Input for this task:
....
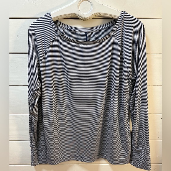 Lightweight and breathable striped long sleeve top by GAPFIT. Features a classic navy and white micro-stripe pattern, a relaxed silhouette, and soft performance fabric designed for comfort and movement. Perfect for workouts, layering, or casual wear.
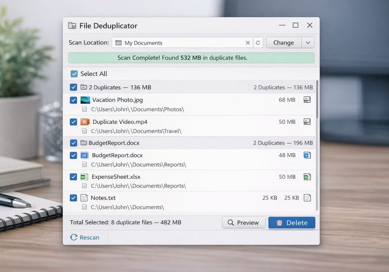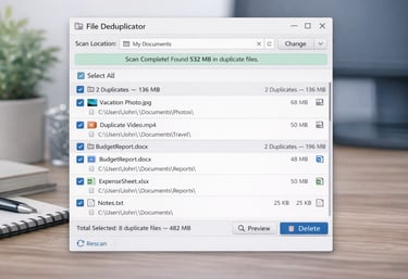 A light file deduplicator that quickly scans your system to identify and safely remove duplicate files, freeing up space and keeping your folders organized.
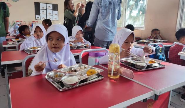 Pelaksanaan program makan bergizi gratis digelar SD Negeri Lengkong Gudang, Kecamatan Serpong, Kota Tangerang Selatan (Tangsel), pada Senin 13 Januari 2025. (@TangerangNews / Yanto)
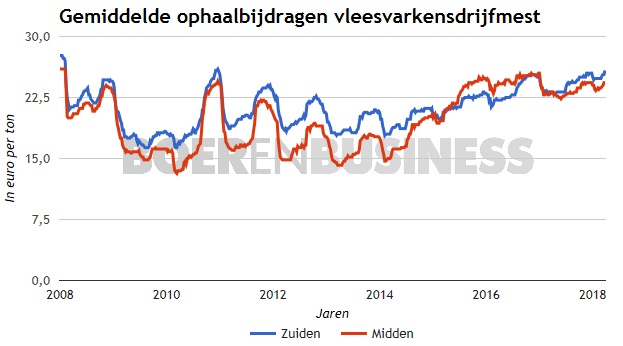 Oplossingen liggen echter ook niet voor het oprapen. Logischerwijs stijgen hierdoor de ophaalbijdragen, maar een oplossing is dat allerminst. De mestmarkt is daarmee een tikkende tijdbom.De gemiddelde ophaalbijdragen liggen hoger dan in de afgelopen periode.
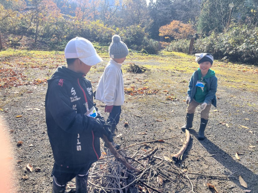 キャンプ場へ着いたら、グルーピングをしてから焚き火の準備をしました。
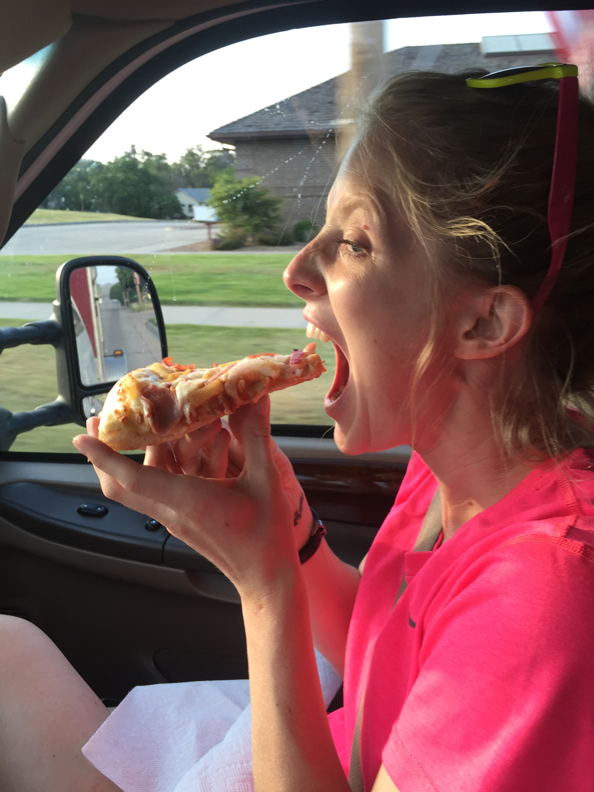 We assumed Poppy would be up at her regular 6:00ish time so we’d hit the road by 8:00, but apparently sleeping in a pitch dark bathroom with rain music [Coach is McGyver on the hotel sleeping arrangements] will allow her to sleep past 8??? So… Slightly late start. Breakfast at Burger King. E doesn’t like french toast sticks and made that face she makes when she is disappointed in her parents choices. Coach was also sad – BK is not the right way.
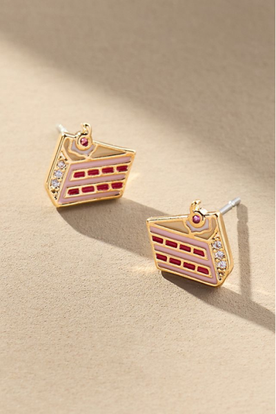 14Kゴールドメッキ真鍮、ガラス、キュービックジルコニア、エナメル
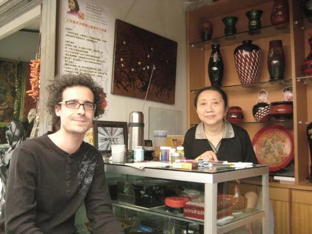 在2008年5月的一张合影里,身着唐装的文森,和老师邹小屏分别拿着的大漆盘,就是他交的作业。这两只盘子,一只文森带回了法国,另一只送给了邹小屏,现在还在她家里。
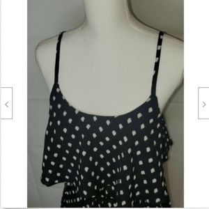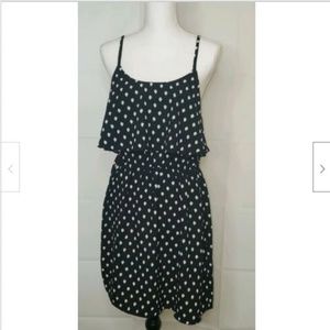 Elle Dress M Spaghetti Straps Black White Polka Dots Ruffle Elastic Waist Mini.
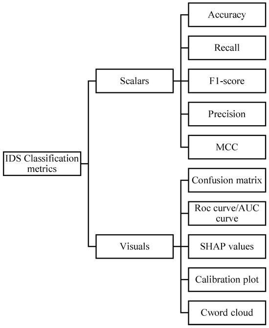 Figure 4 offers a typical classification metric layout showing the classification of measure categories, and it is based on a metric’s representation. An IDS classification system was performed by using one or more sets from the classification measures summarized below [22].
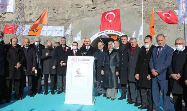 Törende konuşan Ulaştırma ve Altyapı Bakanı Adil Karaismailoğlu, Doğu Anadolu Bölgesini, Karadeniz Bölgesine bağlayan Erzurum-Artvin yolu üzerine inşa edilen Pirinkayalar Tüneli'nin hayırlı olmasını dileyerek,
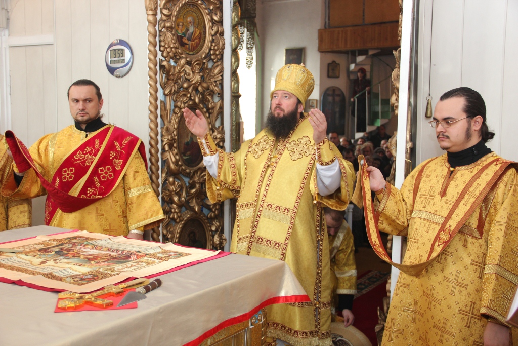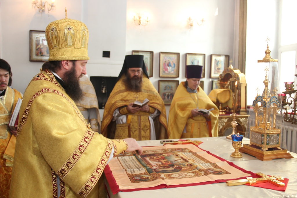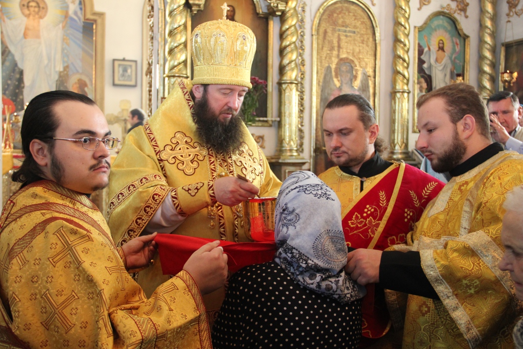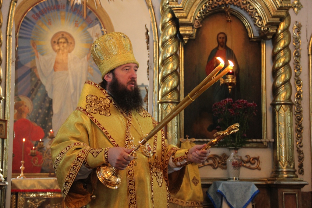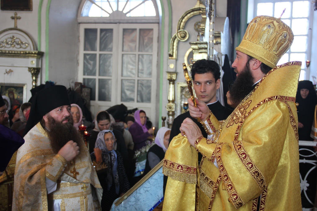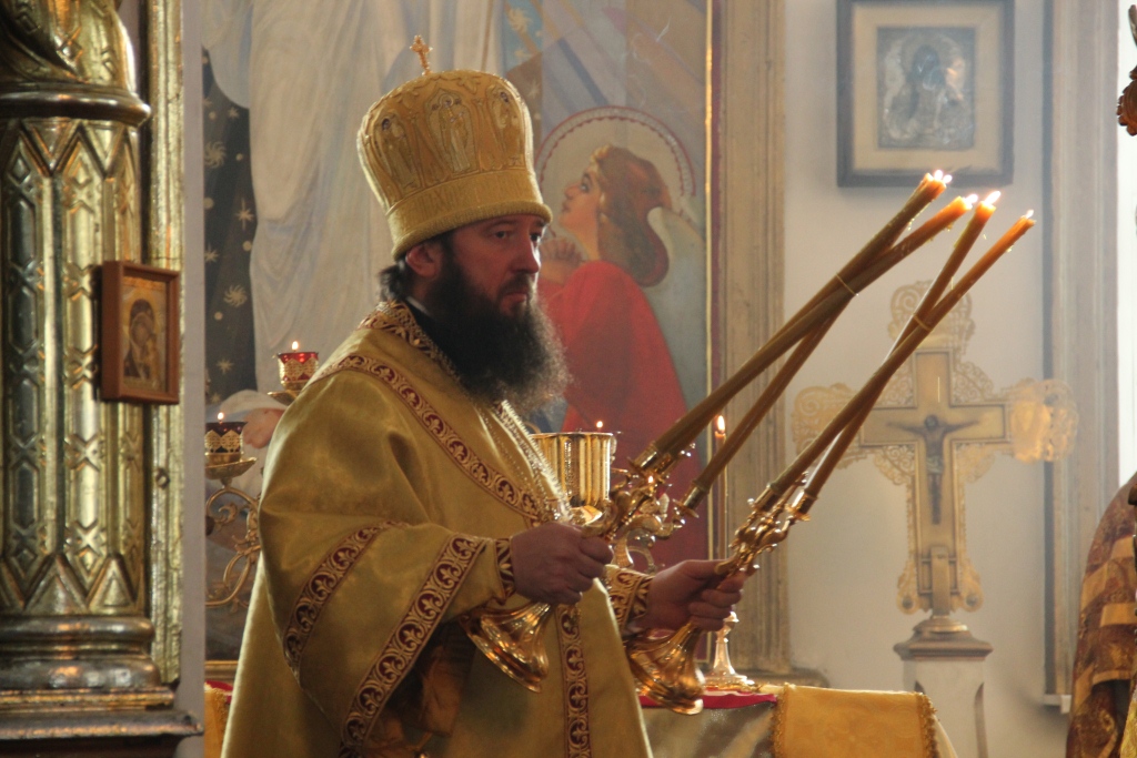 После отпуста Преосвященный Архипастырь поздравил сослужащее духовенство и многочисленных богомольцев с праздником воскресного дня, и обратился ко всем собравшимся со словами проповеди.
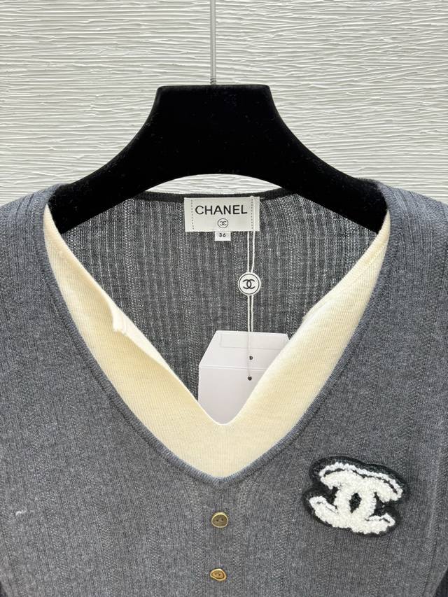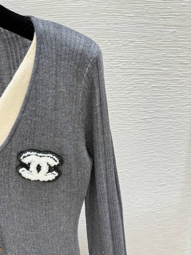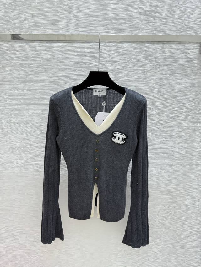 / Ch's early autumn new colorblock V-neck knitted long sleeve Color: Gray Coffee S
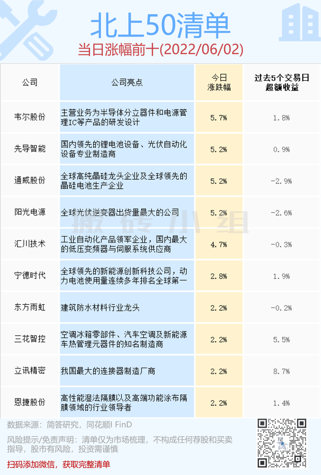 北上50榜单今天表现还可以,基本都是成长品种领先,成长风格延续。
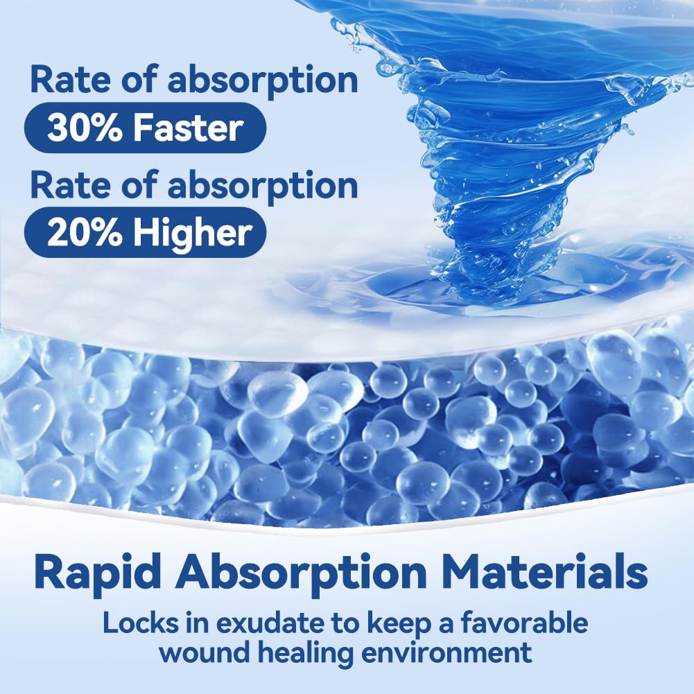 - 1S Instantly Absorbs&Locks in Exudate - The unique SAP-composite absorbent core has high absorption properties, converting exudate to gel in 1 second, reducing the risk of maceration. It also absorbs up to 20 times its own weight in exudate, reducing the frequency of dressing changes
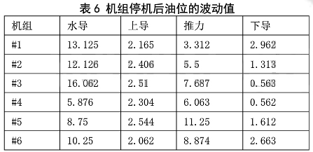 小結:在機組停機后各部軸油箱油位有波動,主要原因是油箱內部的靜態(tài)自平衡,還有傳感器的測量數(shù)值波動影響,故存在一定范圍的數(shù)據(jù)波動。6 臺機的各部軸承油位波動范圍沒有相同的規(guī)律。
....
Exercise description: A verbatim copy of the records is expected, from their first line through the line with "A light file", inclusive, with the pictures removed.

Task result:
 Lightweight and breathable striped long sleeve top by GAPFIT. Features a classic navy and white micro-stripe pattern, a relaxed silhouette, and soft performance fabric designed for comfort and movement. Perfect for workouts, layering, or casual wear.
 A light file deduplicator that quickly scans your system to identify and safely remove duplicate files, freeing up space and keeping your folders organized.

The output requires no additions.